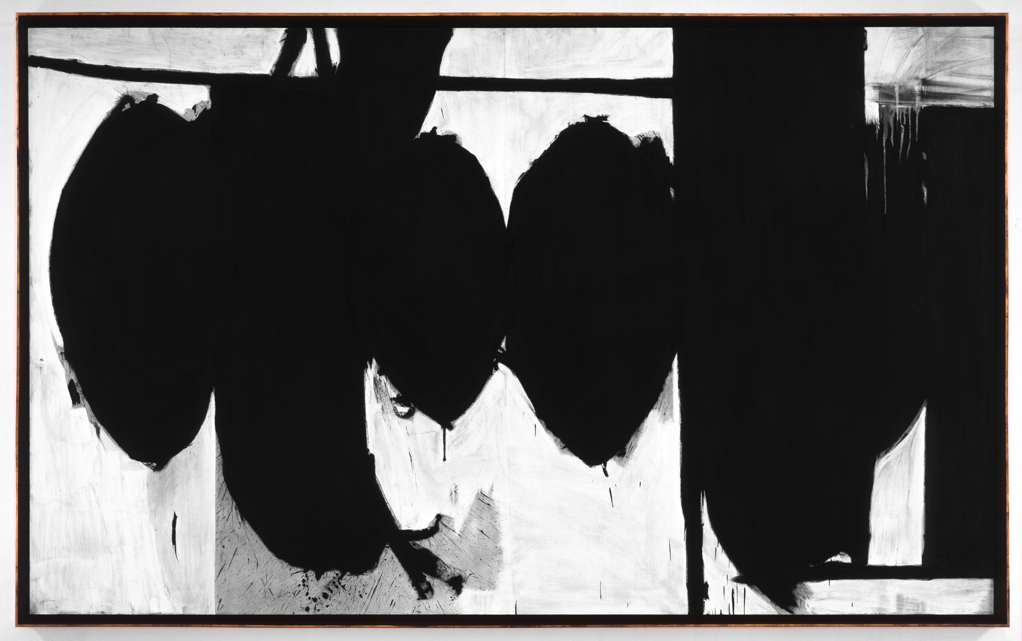 Untitled (After Motherwell, Elegy to the Spanish Republic, 70, 1961), 2013 Charcoal on mounted paper 69 x 114 inches (175.3 x 289.6 cm)
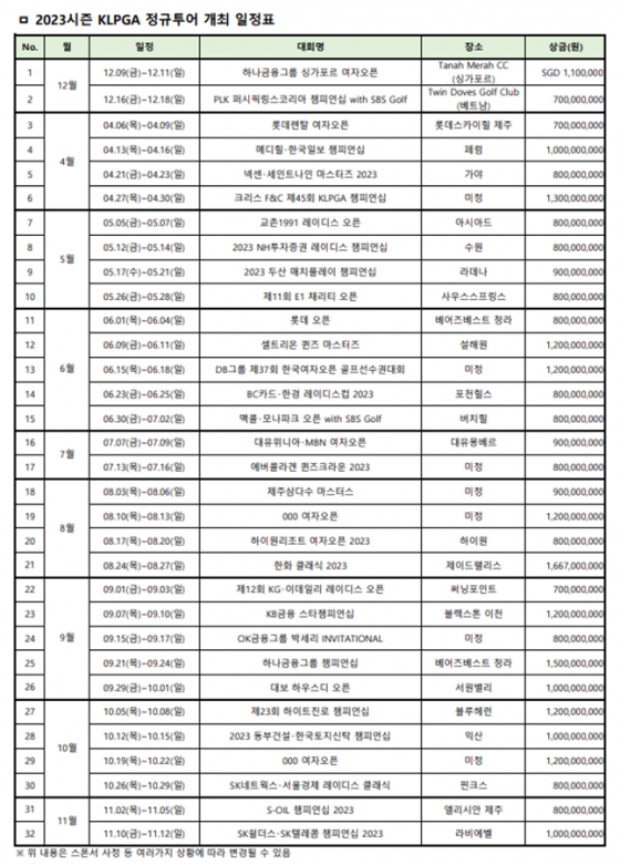 한국여자프로골프협회는 31일 2023시즌 KLPGA 정규투어 일정을 발표하면서 "대회 수 32개, 총상금 약 311억 원, 평균 상금 약 9억 7000만 원의 역대 최대 규모로 열린다"고 밝혔다.
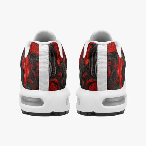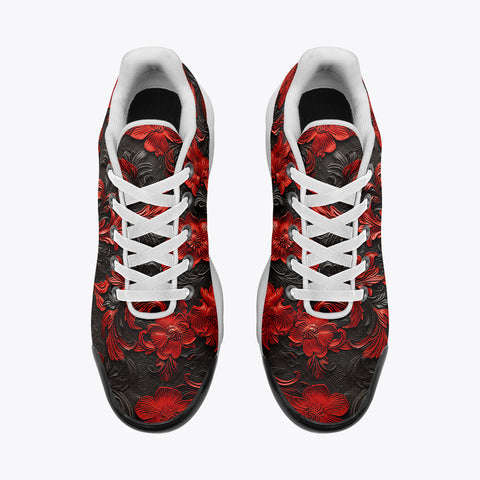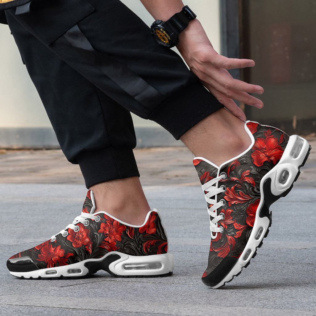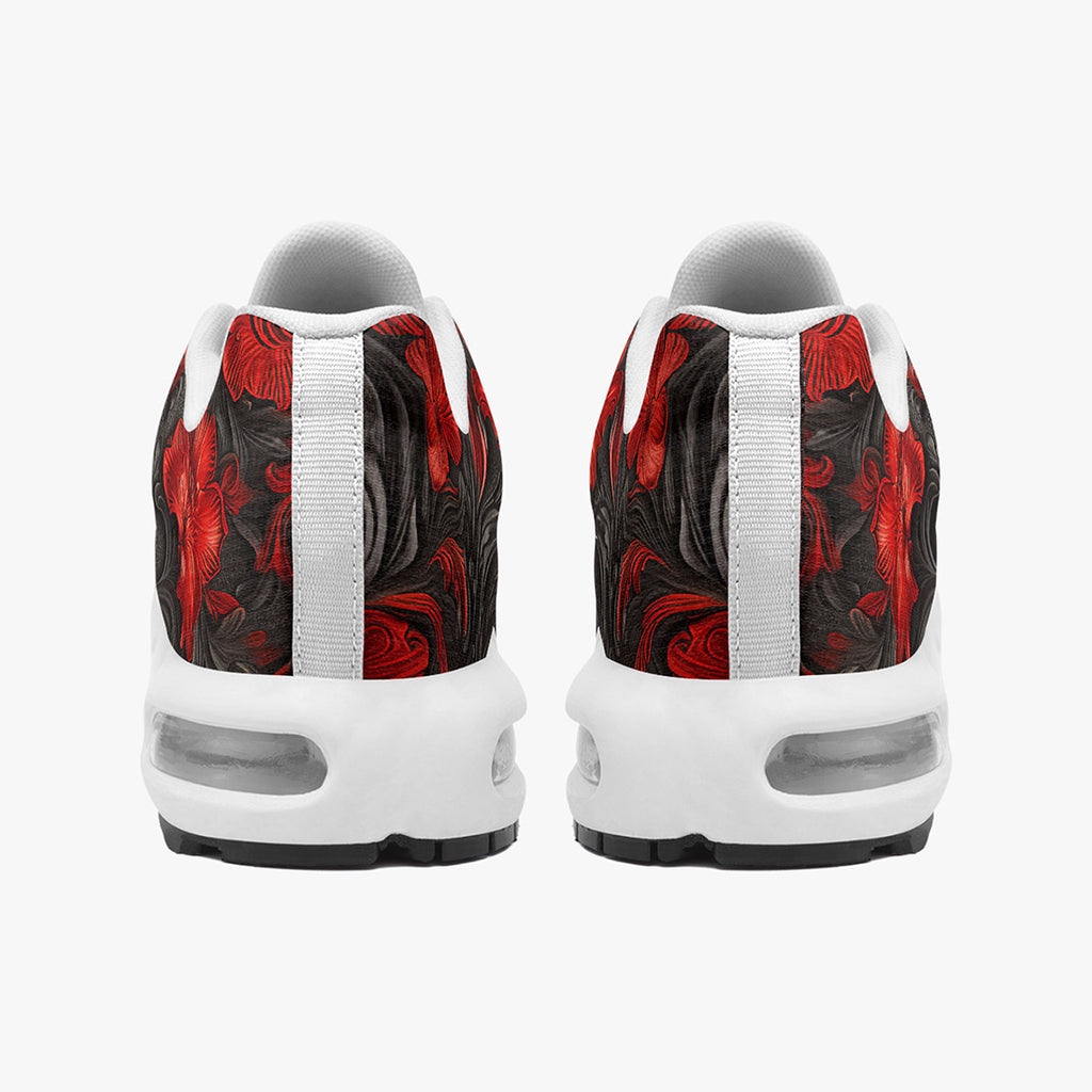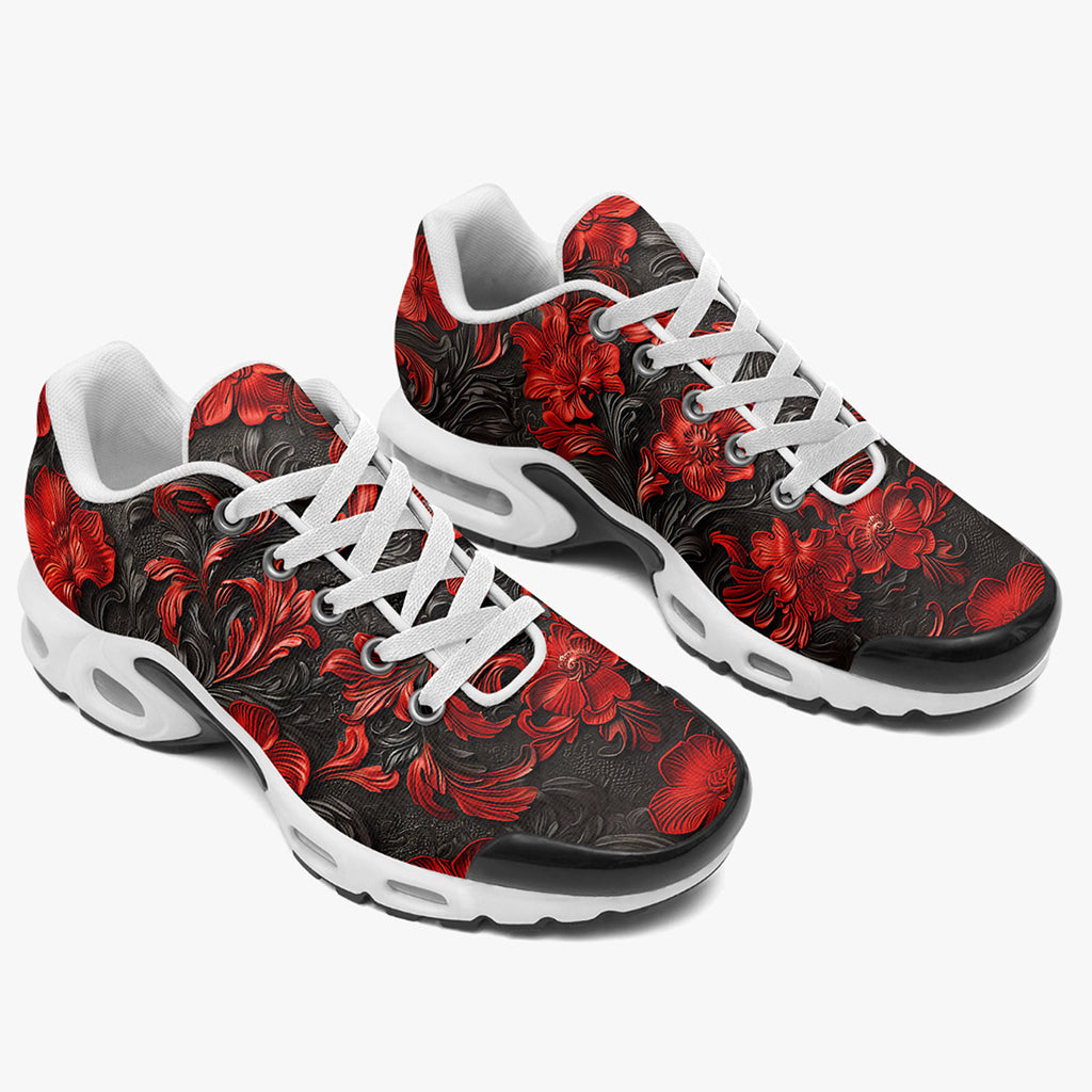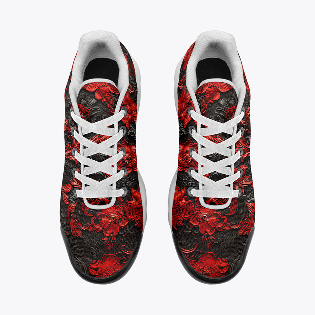 Air Cushion Sneakers Red Engraved Flowers on Black
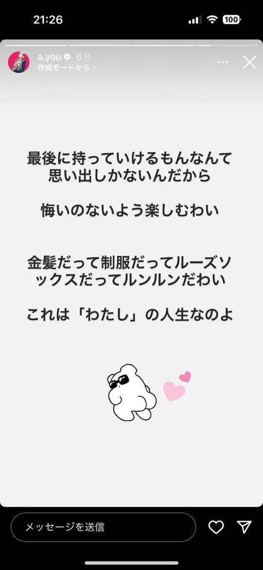 滨崎步少见罕有地竟然回覆这位歌迷:「现实是我自己在各方面都遵从我的理念和概念去做,我现在做的是自己最有真实感的事情,所以非常接受现在的自己。你的评论很好笑,但是我也非常感谢你的关心」。
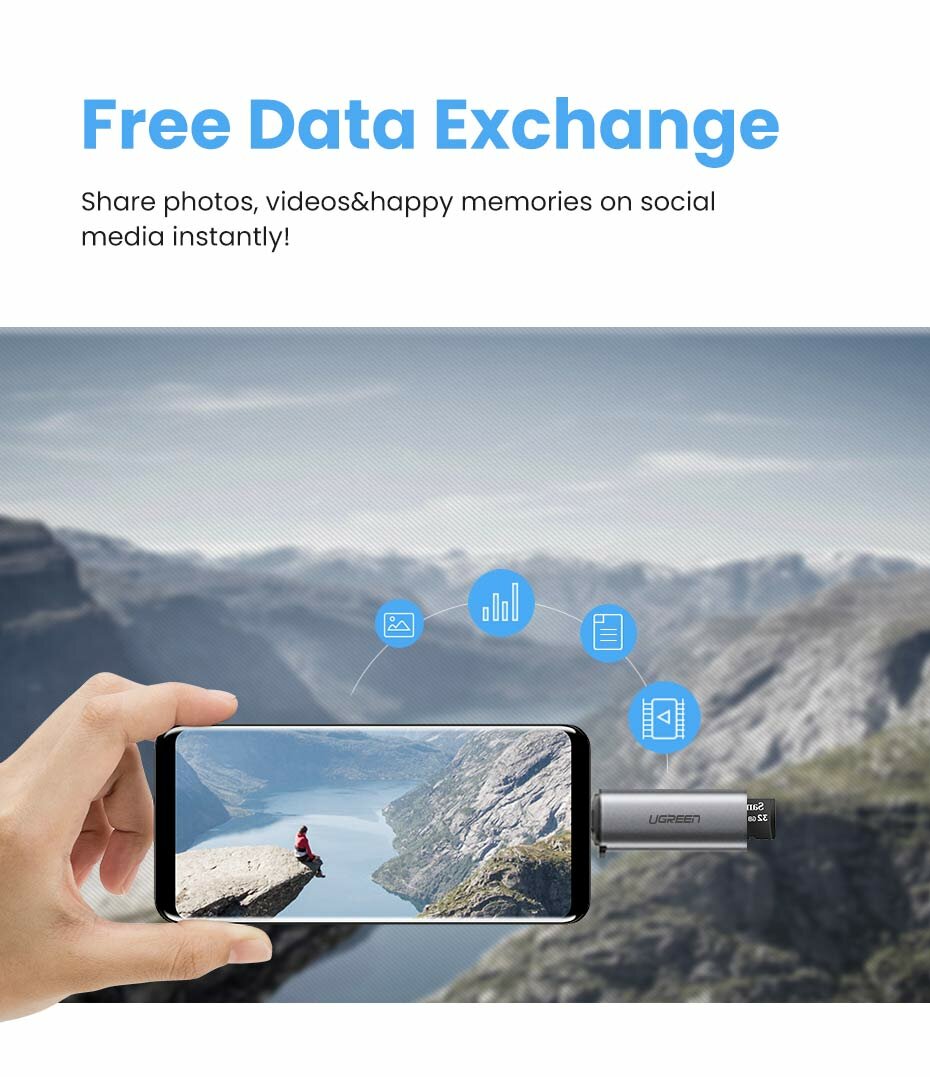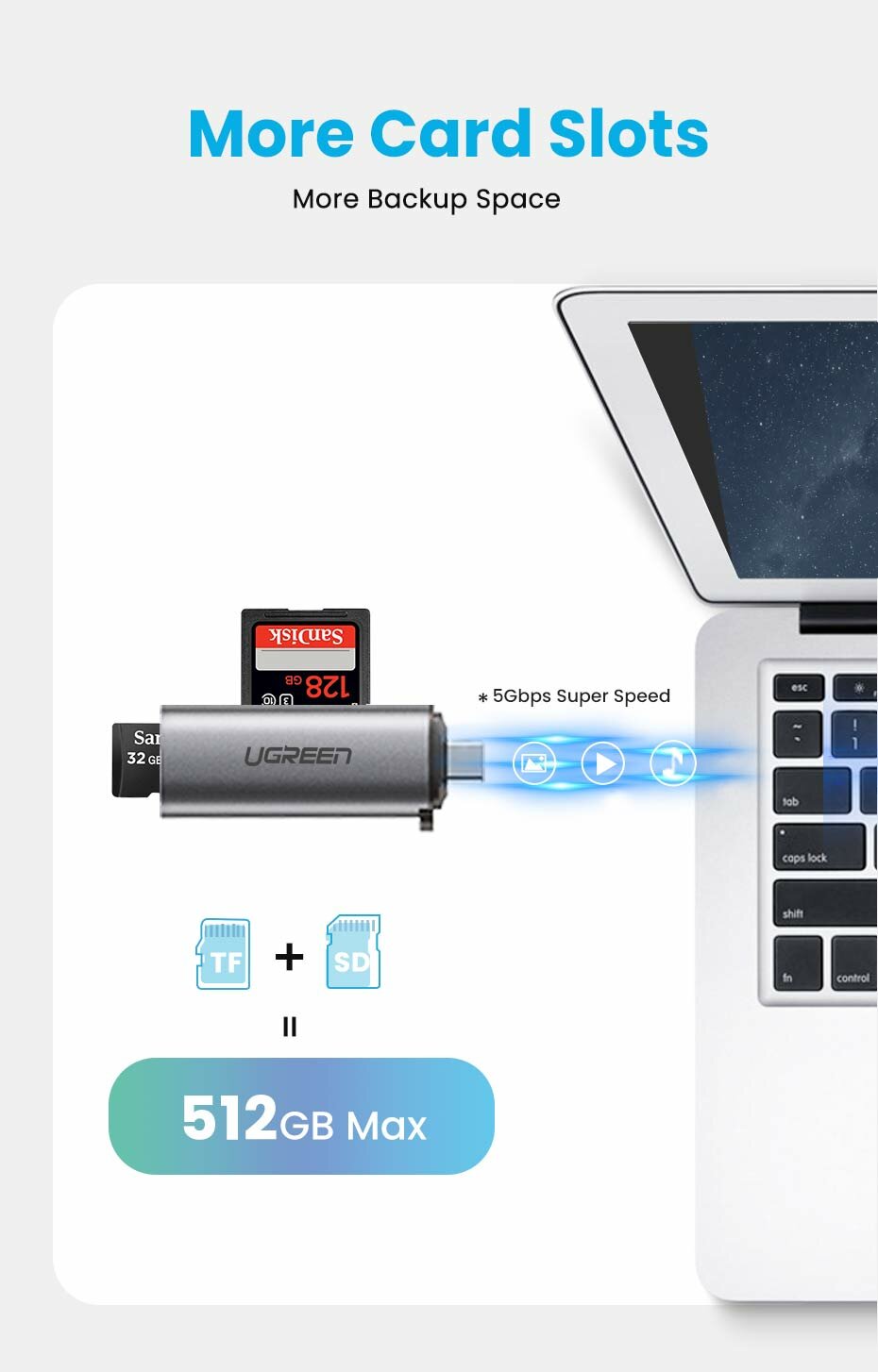 Кардридер UGREEN CM184 (50704) USB-C TF + SD Card Reader. Цвет: серый интересное:
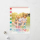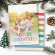 Cartão de Feriado Moderno lendo MERRY CHRISTMAS em um design de tipografia brilhante e tenente com sua foto familiar favorita emoldurada com um raio de sol amarelo.
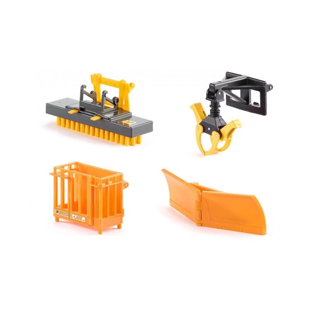De serie met aanbouwmachines voor SIKUFARMER32 tractoren met frontloader wordt met deze bijzondere set verder uitgebreid. De set bestaat uit een werkplatform, een sneeuwschild, een veger en een boomstamgrijper. Het werkplatform is bovendien voorzien van een deur. Het sneeuwschild kan naar links en rechts worden bewogen en de boomstamgrijper is voorzien van een pendelend opgehangen grijper. Een bijzonderheid van de veger is dat deze op de meegeleverde palletvork kan worden geschoven.
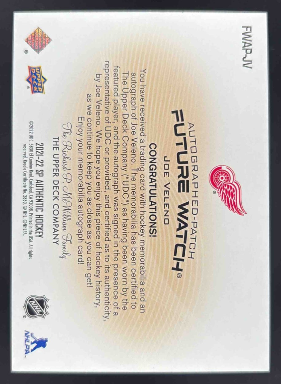 2021-22 SP Authentic Future Watch Patch #FWAP-JV Joe Veleno RC Auto /100
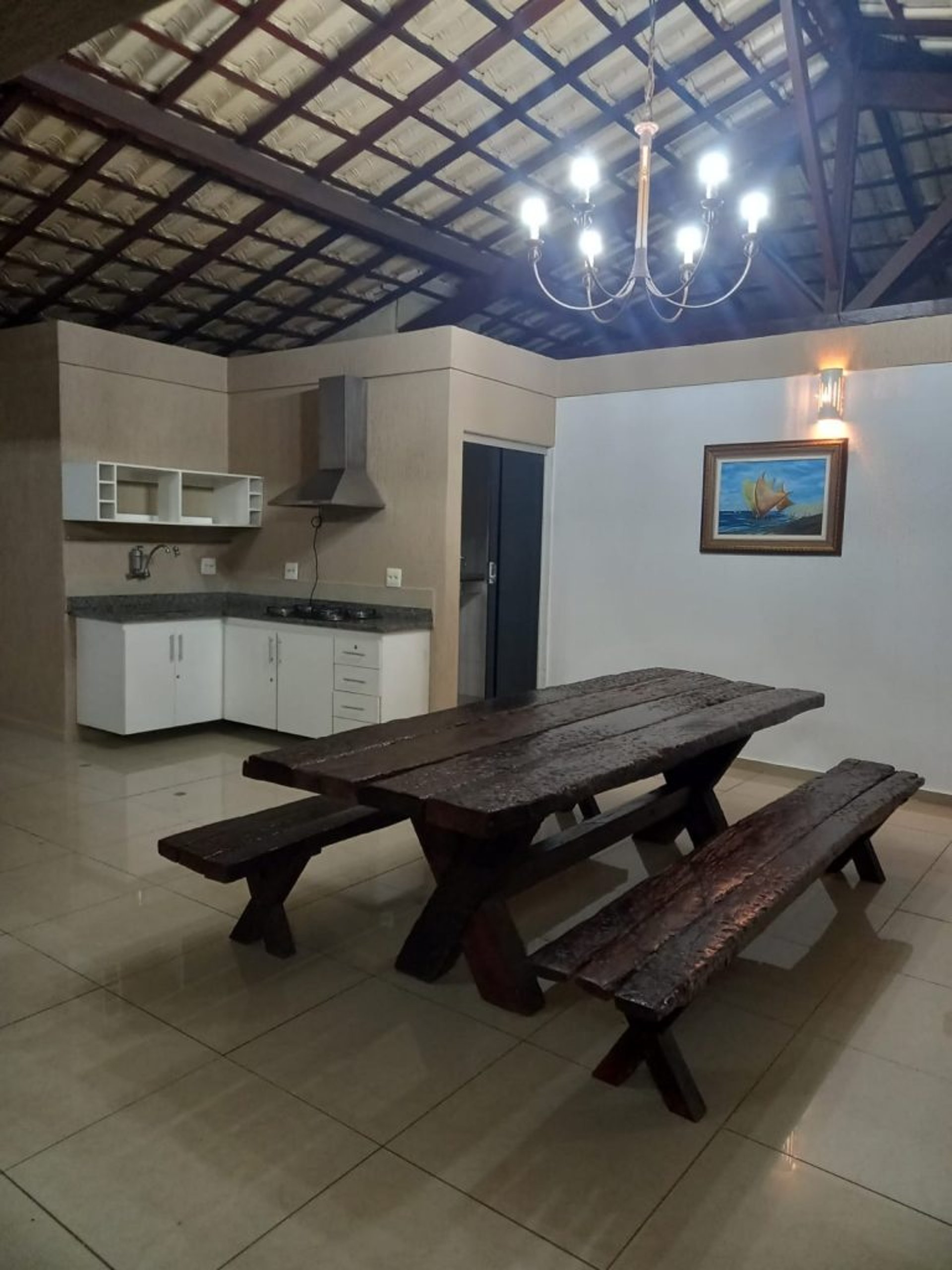 Espaço coberto para até 70 pessoas sentadas
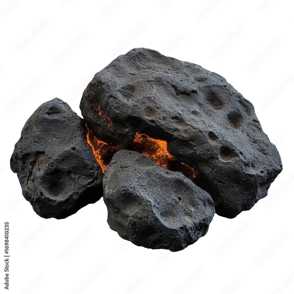 Black volcanic stone isolated on transparent background.
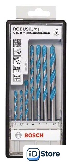 | Комплектация | Набор из 7 сверл CYL-9 MultiConstruction: 5,0 / 5,5 / 6,0 / 6,0 / 7,0 / 8,0 / 10,0 мм |
------------------------
(Description of the task):
The line that contains "Кардридер UGREEN CM184" begins the range and the last line of the entries ends it; print that range exactly, without pictures.

(Expected answer):
 Кардридер UGREEN CM184 (50704) USB-C TF + SD Card Reader. Цвет: серый интересное:
 Cartão de Feriado Moderno lendo MERRY CHRISTMAS em um design de tipografia brilhante e tenente com sua foto familiar favorita emoldurada com um raio de sol amarelo.
De serie met aanbouwmachines voor SIKUFARMER32 tractoren met frontloader wordt met deze bijzondere set verder uitgebreid. De set bestaat uit een werkplatform, een sneeuwschild, een veger en een boomstamgrijper. Het werkplatform is bovendien voorzien van een deur. Het sneeuwschild kan naar links en rechts worden bewogen en de boomstamgrijper is voorzien van een pendelend opgehangen grijper. Een bijzonderheid van de veger is dat deze op de meegeleverde palletvork kan worden geschoven.
 2021-22 SP Authentic Future Watch Patch #FWAP-JV Joe Veleno RC Auto /100
 Espaço coberto para até 70 pessoas sentadas
 Black volcanic stone isolated on transparent background.
 | Комплектация | Набор из 7 сверл CYL-9 MultiConstruction: 5,0 / 5,5 / 6,0 / 6,0 / 7,0 / 8,0 / 10,0 мм |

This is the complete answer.